Le pire serait d’en arriver à fuir la
seule issue qui soit ouverte sous prétexte qu’elle nous paraît inaccessible. De nos
ténèbres, nous voyons une lumière à travers un trou d’aiguille. Elle nous semble
désirable, nous aimerions tellement vivre dans cette sainteté-là et pourtant,
nous nous y refusons par crainte d’être broyés dans l’étroit passage qui y
mène. Nos cœurs y sont effectivement broyés ; toutefois, alors même qu’ils
se livrent pour être pétris par l’amour de Dieu, ils nous sont rendus nouveaux.
Dans le feu du pardon, le Seigneur brûle
la paille, et aussi la poutre, pour rendre nos vies à la lumière.
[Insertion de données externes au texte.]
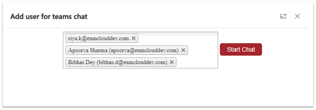The current logged in user is auto populated in the dropdown. Select the other users to be added to the team chat.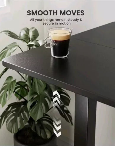 This is a black, contemporary and modern ErGear Height Adjustable Electric Standing Desk. It is made of wood composite and steel, and is free-standing. The desk has an adjustable height feature and is suitable for adults. It measures 55 inches in length and 28 inches in width, and has a package dimension of 56.5 x 15.0 x 5.98 inches. Assembly is required, and no additional parts are needed.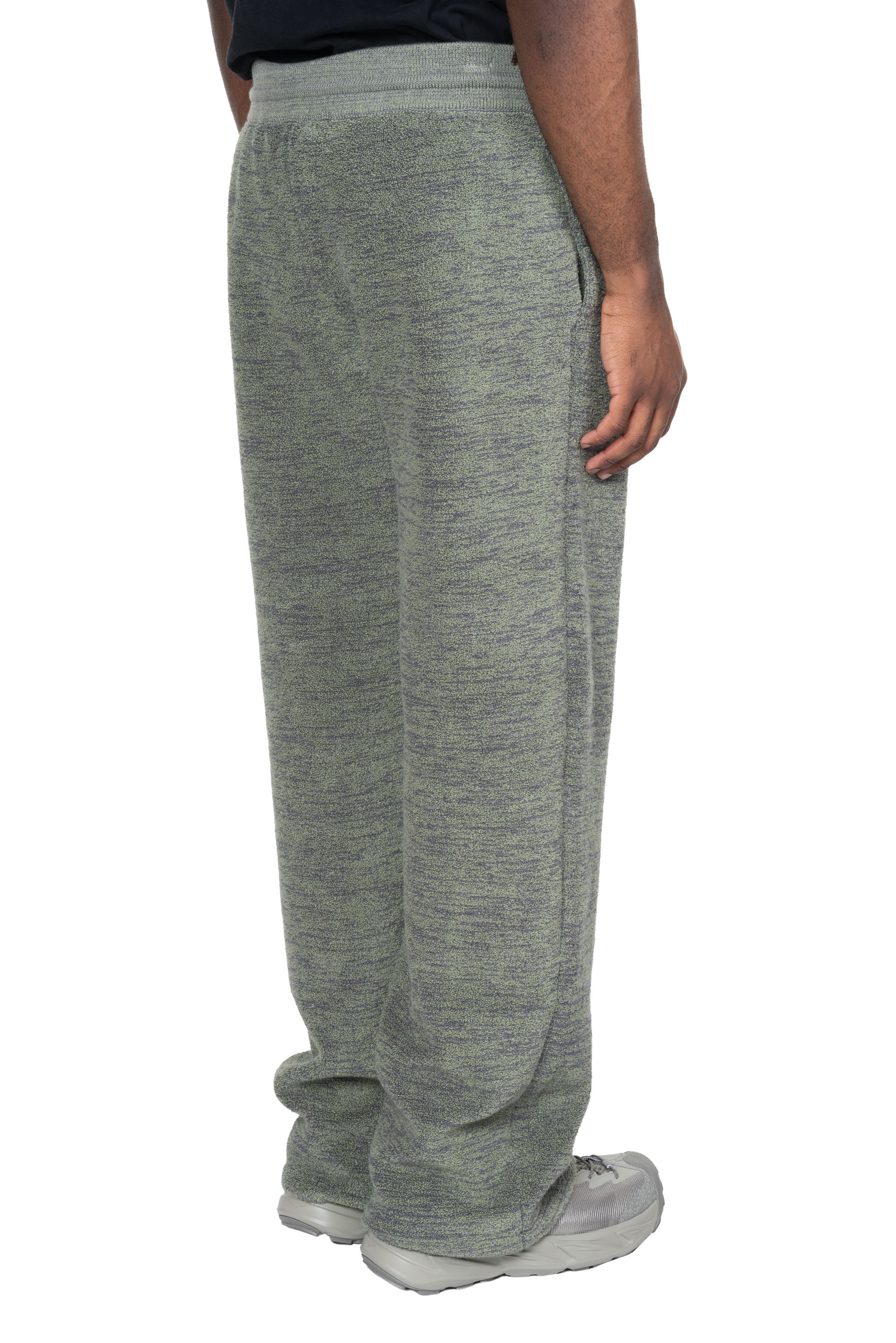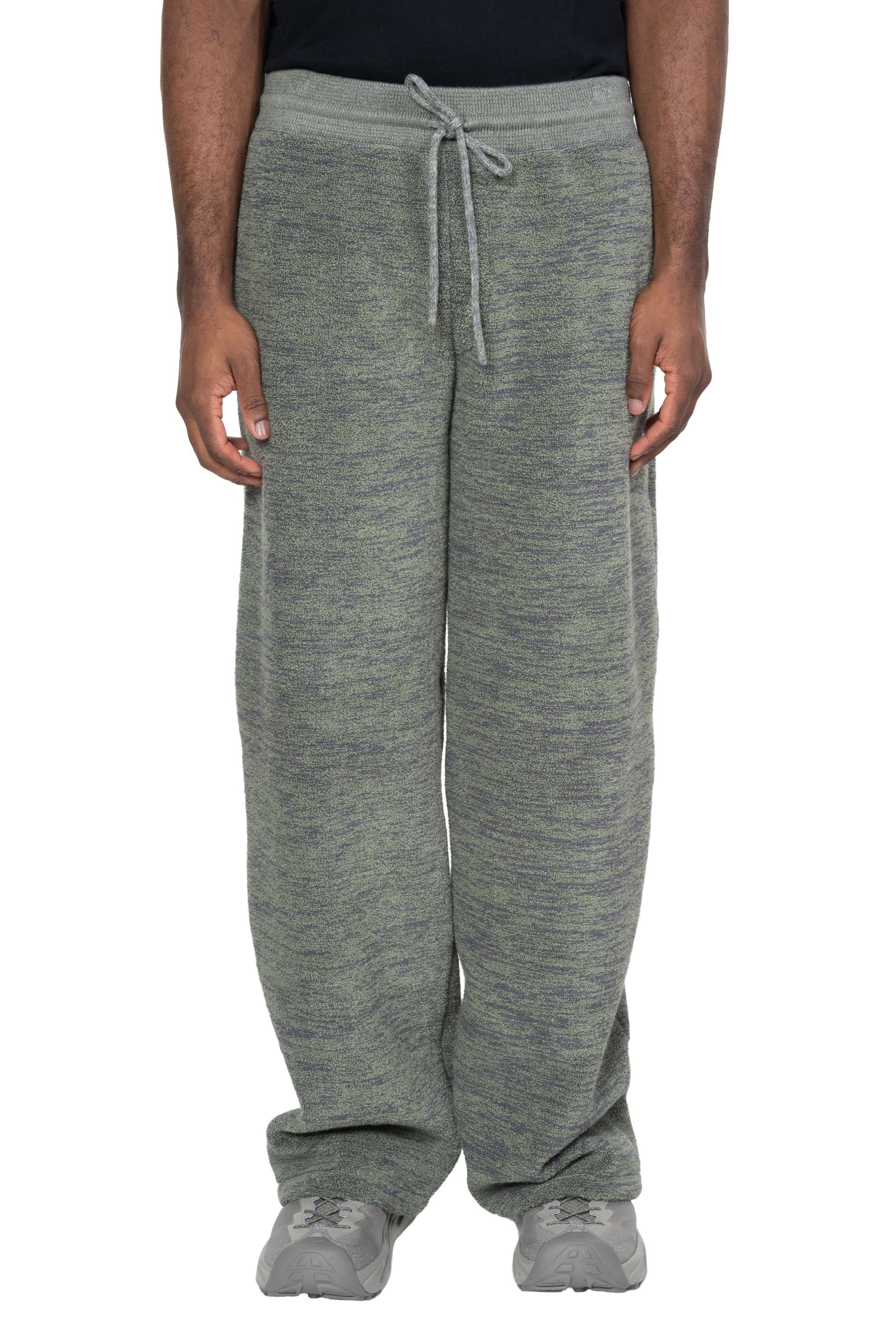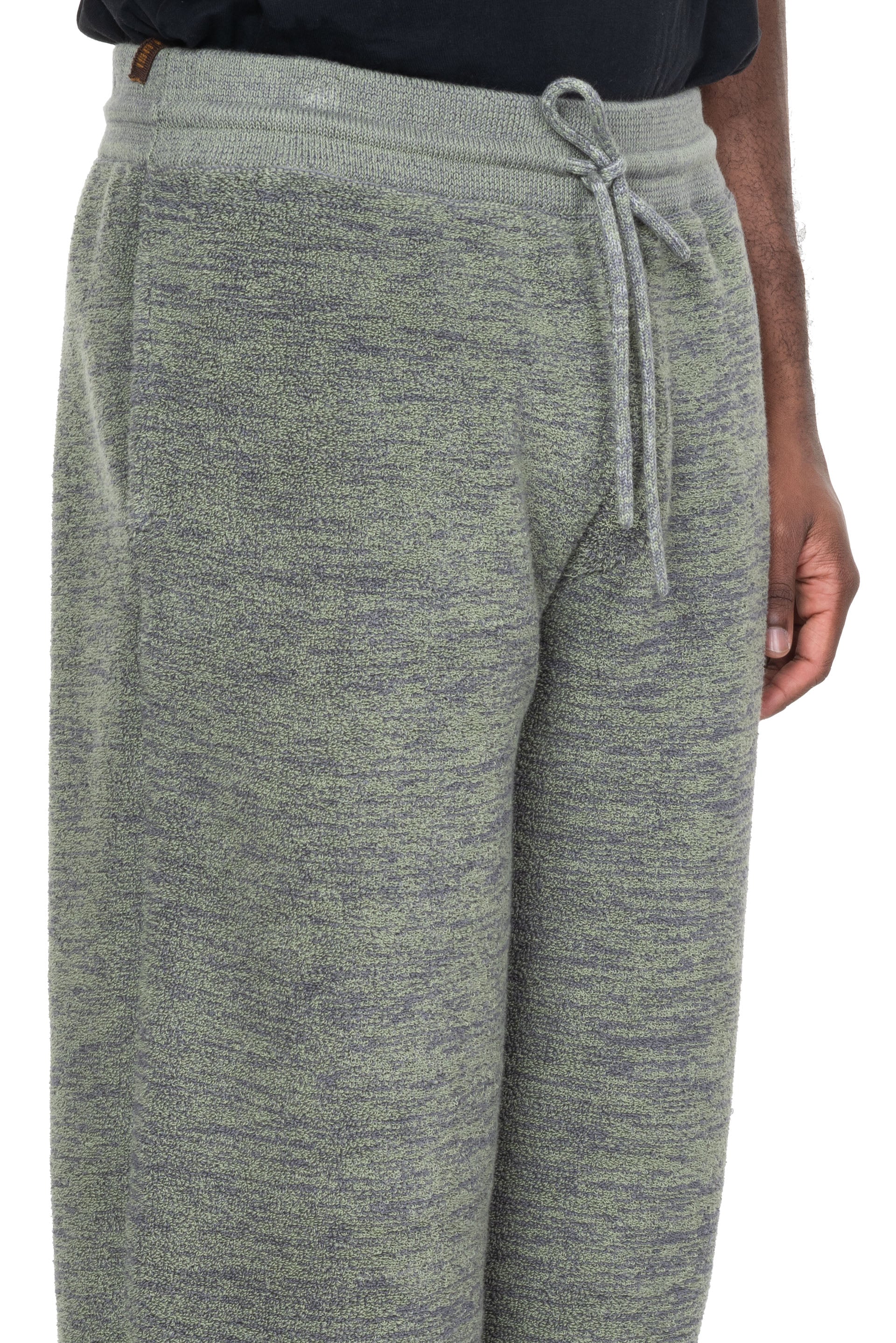 Isa Boulder Boucle Pants in Green. Two side pockets. Elastic waist. Drawstrings closure at waist. Soft textural fabric.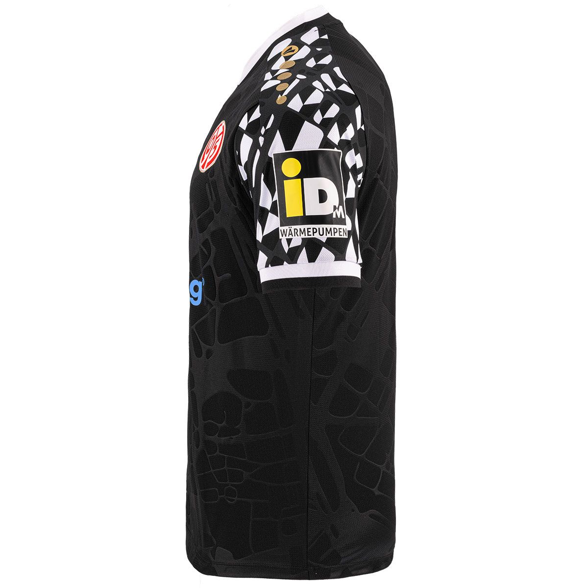 Das JAKO Mainz 05 Torwarttrikot Kinder 25/26 in Schwarz! Das Trikot begeistert durch ein einzigartiges Detail: Der eingeprägte Stadtplan von Mainz erstreckt sich markant über Vorder- und Rückseite und verleiht dem Shirt einen unverwechselbaren Look, inspiriert vom Heimtrikot-Highlight. Auf der Brust befinden sich das Vereinswappen von Mainz 05, das JAKO-Logo sowie das Hauptsponsor-Logo von Kömmerling in Weiß – prominent und stilvoll platziert.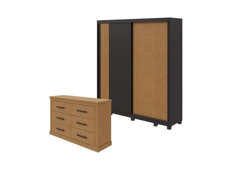 Guarda Roupa Casal Velaris Com Pés E Cômoda Rustic Preto Amêndoa Clean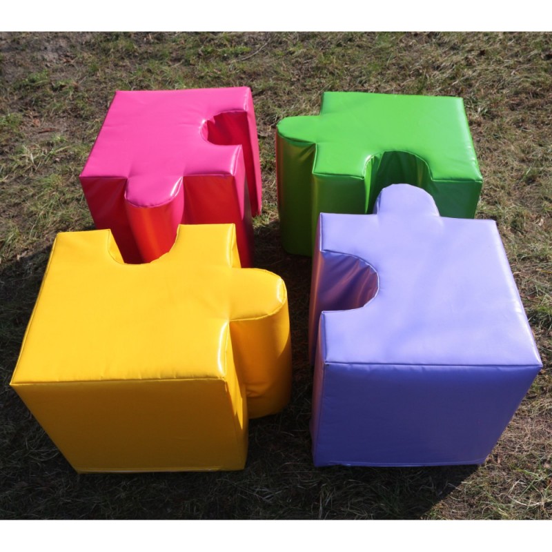 Зроблено комплект дитячих пуфів Мозаїка Kidigo із щільного поролону та обтягнуто м'якою, приємною на дотик ПВХ тканиною, яка, до того ж, легко миється.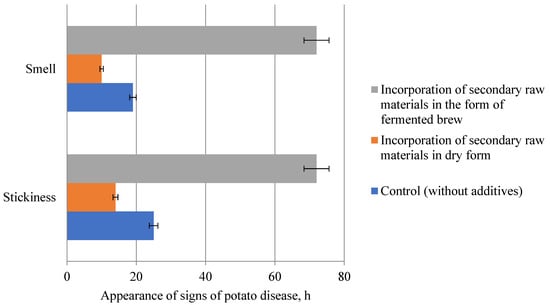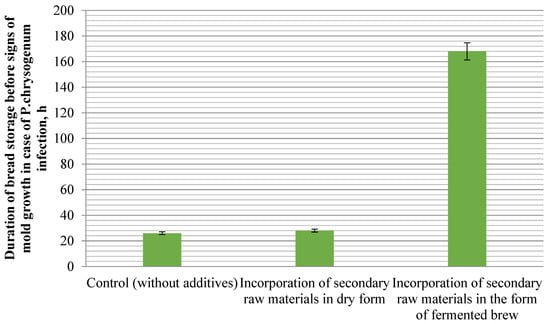 To determine the possibility of suppressing the potato disease of bread, the method of putting finished products infected with spore bacteria into conditions provoking the development of Bacillus subtilis was used. To create provoking conditions, dry bread crumbs infected with B. subtilis spore-forming bacteria and containing 108 KOE/g of spores were introduced during dough kneading. To determine the content of B. subtilis spores in the infected crumb, the method described in the book Microbiology of Baking Production (Afanasyeva O.V., 2003) was used [62]. The bread was stored according to the instructions for the prevention of potato bread disease [63], for which, immediately after baking, the bread was wrapped in damp paper and placed in a thermostat at 37 °C. After 24 h, the bread was cut with a knife and the presence of signs of disease (specific unpleasant odor, sticky crumb) was determined visually. In the absence of disease, the bread was further incubated under the same conditions.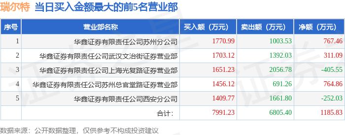 证券之星消息,沪深交易所2025年11月3日公布的交易公开信息显示,瑞尔特(002790)因日振幅值达到15%的前5只证券,日换手率达到20%的前5只证券登上龙虎榜。此次是近5个交易日内第2次上榜。
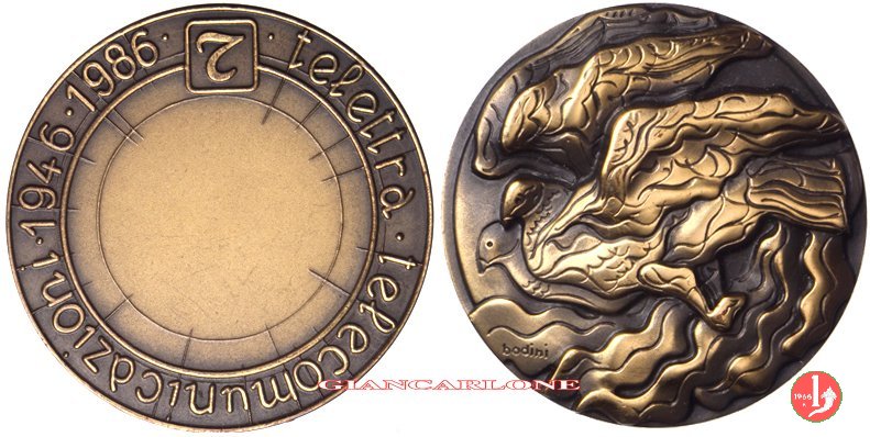 entro cornice con alcuni raggi diretti verso il centro: • TELETTRA • TELECOMUNICAZIONI • 1946 • 1986 •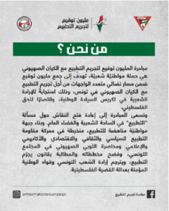 في ما يلي بيان مبادرة مليون توقيع من أجل تجريم التطبيع، الذي تحصلت توميديا على نسخة منه: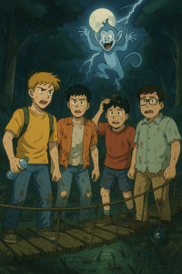 चारों दोस्त अब पुल के दूसरी ओर थे, लेकिन सबके चेहरे पर डर, थकान और राहत की अजीब सी मिली-जुली झलक थी। पसीने से तरबतर, दिल अब भी तेज़ी से धड़क रहे थे।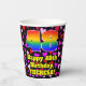 This happy and fun birthday-themed paper cup design features a large number “48” having a rainbow spectrum gradient inspired pattern. It also features the message “Happy 48th Birthday,”, and a custom name. The background features a pattern of purple, red, and pink heart shapes of various sizes. Cheerful, happy paper cups like this might be fun to have at a birthday celebration/party being held to honor somebody’s forty eighth birthday. [~Z0000548]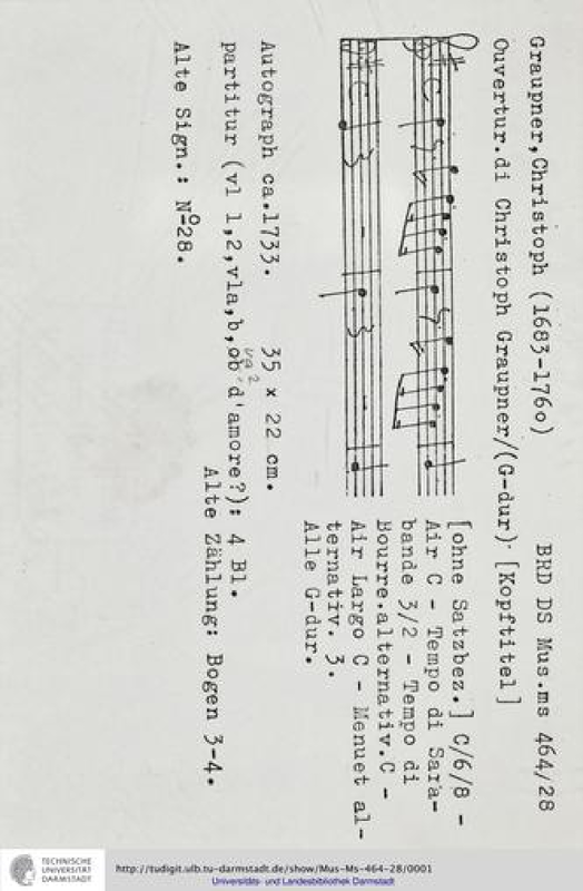 Upcoming recording (Nov.2013, on Ondine) lists as "Suite for viola d'amore bassoon strings and cembalo in G GWV 458". An edition has been published commercially by Prima la musica! in 2012, volume 58 of their Graupner complete overtures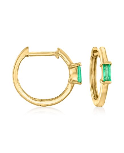 Ross-Simons Emerald Huggie Hoop Earrings in 14kt Yellow Gold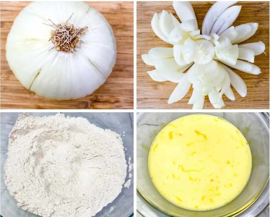 You can let the onion soak in ice water for 15 minutes up to an entire night before coating and cooking if you want. Cut it correctly and then drop it in the cold water. Remove and let it drain well. You may want to pat it with paper towels. This helps the flour mixture to adhere better. I've always soaked mine beforehand. I form a loose bowl of aluminum foil to set in the air fryer also.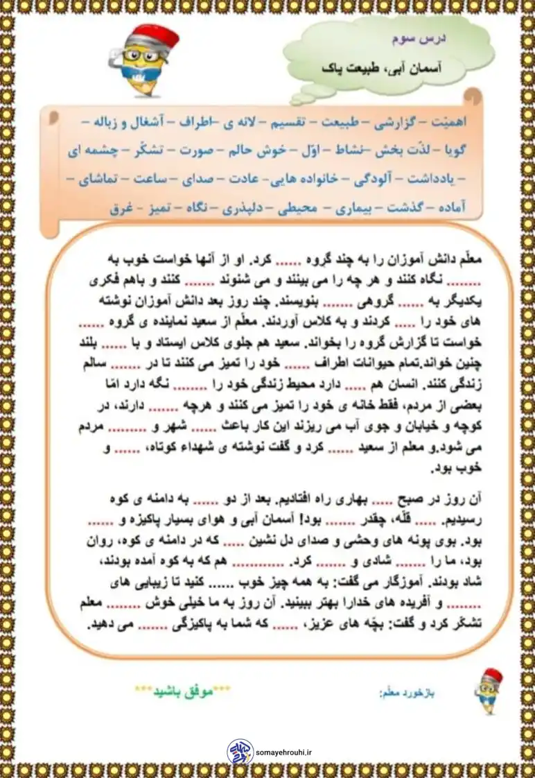 مشاهده بزرگ فارسیکاربرگ های پایه دومکاربرگ های فارسی پایه دوم کاربرگ املا کامل کردنی درس 6 فارسی دوم دبستان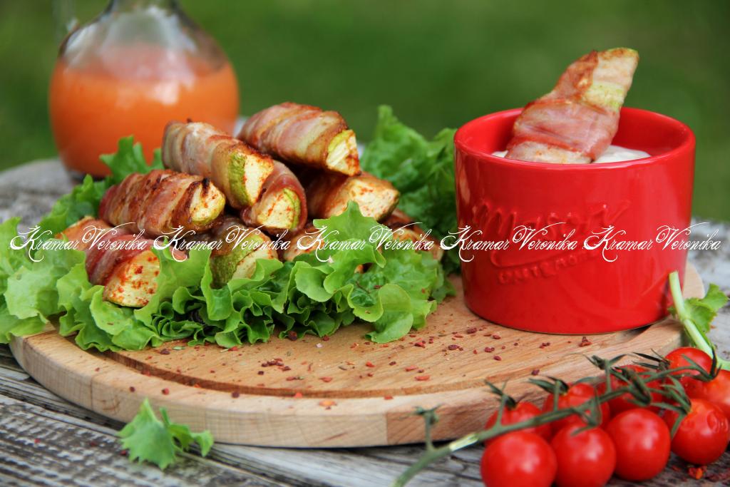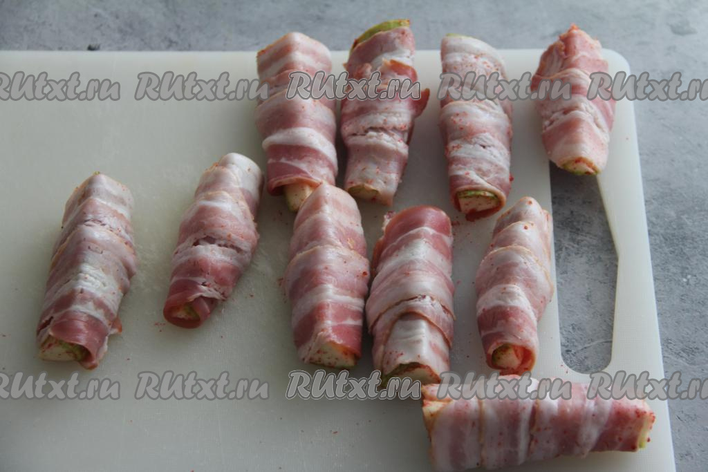 Каждый брусок кабачка завернуть в полоску бекона.

Il nous baptise dans l’Esprit Saint et le
feu. Nous brillons alors de la clarté de Dieu. Les saints ne sont pas moins
nus qu’Adam, ils ne sont pas moins faibles que nous, ils sont simplement
devenus plus transparents et c’est Dieu que l’on voit à travers. En désirant
nous faire miséricorde, le Seigneur nous appelle à ce rayonnement-là.
C’est l’arrivée au col après la
dure montée, la sortie du confessionnal, le bonheur du pardon reçu, et la
miséricorde laisse alors en nous son empreinte qu’est la joie. Elle est un
fruit reçu, elle vient sans prévenir signer l’œuvre de Dieu. Nous avions livré
nos vies dans cet étroit passage où nos cœurs ont été broyés ; et voici
qu’à la sortie du tunnel, au passage de la porte sainte, un immense paysage est
ouvert pour nous. Des possibilités jusque là impensables ou ignorées nous sont
ouvertes, des zones inertes de nos âmes retrouvent leur force, des relations
mortes reprennent vie. Notre cœur nécrosé retrouve sa jeunesse alors que coule
dans nos artères la vie même de Dieu. Amen.